### Task instructions:
Reproduce only the lines of the material below that start at the line containing "A freeze frame" and stop at the line containing "أعلنت أبل عن". Keep both end lines.

** Opening Supplied data block **

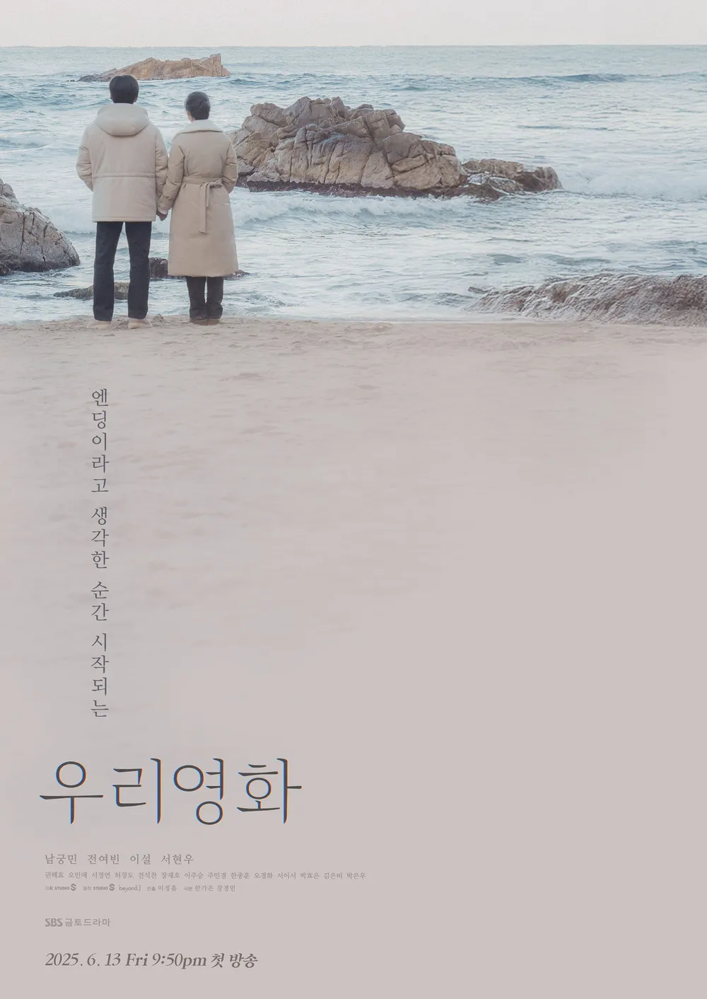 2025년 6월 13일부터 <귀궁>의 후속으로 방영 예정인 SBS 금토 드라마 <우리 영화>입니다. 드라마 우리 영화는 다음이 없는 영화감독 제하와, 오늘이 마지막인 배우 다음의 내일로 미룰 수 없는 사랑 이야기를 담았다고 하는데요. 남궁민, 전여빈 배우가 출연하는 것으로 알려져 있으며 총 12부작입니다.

** Closing Supplied data block **
** Opening Supplied data block **

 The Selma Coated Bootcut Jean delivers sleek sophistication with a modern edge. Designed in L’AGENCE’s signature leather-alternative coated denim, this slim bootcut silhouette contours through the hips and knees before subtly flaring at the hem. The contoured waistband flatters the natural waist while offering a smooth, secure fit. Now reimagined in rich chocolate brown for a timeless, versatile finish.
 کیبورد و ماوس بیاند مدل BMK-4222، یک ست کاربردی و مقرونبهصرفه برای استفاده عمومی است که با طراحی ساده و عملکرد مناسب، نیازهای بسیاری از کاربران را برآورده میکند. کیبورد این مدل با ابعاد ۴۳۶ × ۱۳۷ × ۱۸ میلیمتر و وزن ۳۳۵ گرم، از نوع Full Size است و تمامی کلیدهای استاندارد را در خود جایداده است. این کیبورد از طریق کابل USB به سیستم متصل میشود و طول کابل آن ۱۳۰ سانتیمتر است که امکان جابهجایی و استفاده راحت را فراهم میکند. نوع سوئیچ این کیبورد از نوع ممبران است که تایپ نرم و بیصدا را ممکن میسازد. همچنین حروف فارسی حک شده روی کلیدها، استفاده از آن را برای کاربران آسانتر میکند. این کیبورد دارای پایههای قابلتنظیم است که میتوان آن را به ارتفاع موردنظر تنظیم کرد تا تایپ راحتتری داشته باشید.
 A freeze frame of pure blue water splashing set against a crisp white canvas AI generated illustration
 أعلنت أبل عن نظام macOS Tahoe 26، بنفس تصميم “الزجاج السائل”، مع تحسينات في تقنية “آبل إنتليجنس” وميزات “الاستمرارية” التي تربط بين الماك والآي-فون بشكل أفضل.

** Closing Supplied data block **

### Expected answer:
 A freeze frame of pure blue water splashing set against a crisp white canvas AI generated illustration
 أعلنت أبل عن نظام macOS Tahoe 26، بنفس تصميم “الزجاج السائل”، مع تحسينات في تقنية “آبل إنتليجنس” وميزات “الاستمرارية” التي تربط بين الماك والآي-فون بشكل أفضل.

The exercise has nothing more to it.